The sorry state of birth control in America is underscored in a report prepared by the Population Crisis Committee, a nonprofit research group based in Washington. The committee found not only that Americans have fewer contraceptive options than their counterparts in most developed countries, but also that contraceptive devices are more expensive and more difficult to obtain in the U.S. than in some parts of the Third World.

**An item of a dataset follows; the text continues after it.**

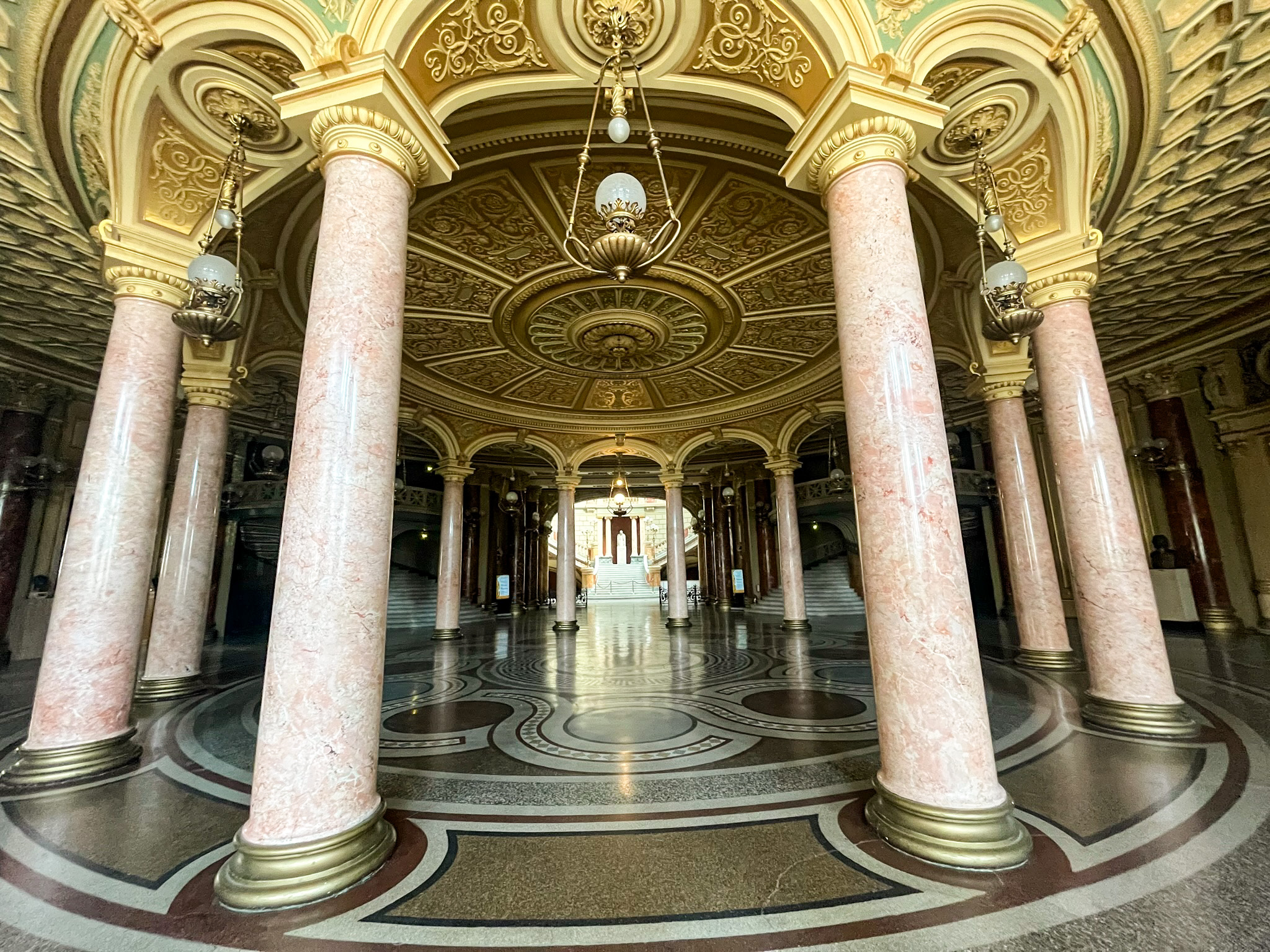 This blend of western and eastern is a good start to understanding Romania. Add to it via the central circle of columns that fill this concert hall with echoes of Ancient Greek theaters, that Hellenic influence is here too, particularly in the Orthodox churches for hundreds of miles around. Look at the golden ornaments and find the Baroque heights of the Austrian Empire, but let me draw your attention to the dragons that circle the main hall’s summit. Those are fundamentally and inextricably Romanian, though you’ll have to wait for Transylvania to hear why.

While scientists around the globe are making rapid progress deciphering the dance of hormones that makes pregnancy possible -- work that raises new strategies for blocking conception -- the major American pharmaceutical companies have all but abandoned the field. Of the nine doing research in contraceptives 20 years ago, only one (Ortho Pharmaceutical) is still active. The others have been scared off by the fear of costly lawsuits like the one that drove the maker of the Dalkon Shield, an intrauterine device, into bankruptcy, and by public controversy such as that surrounding RU-486, the French "abortion pill."

Most of the world's governments encourage family planning and even subsidize the use of birth control devices. The U.S. stands out as the only major industrialized country that is moving in the opposite direction. Over the past decade, Washington has halted federal research on new reproductive technologies and declined to approve some of the most promising new methods of birth control.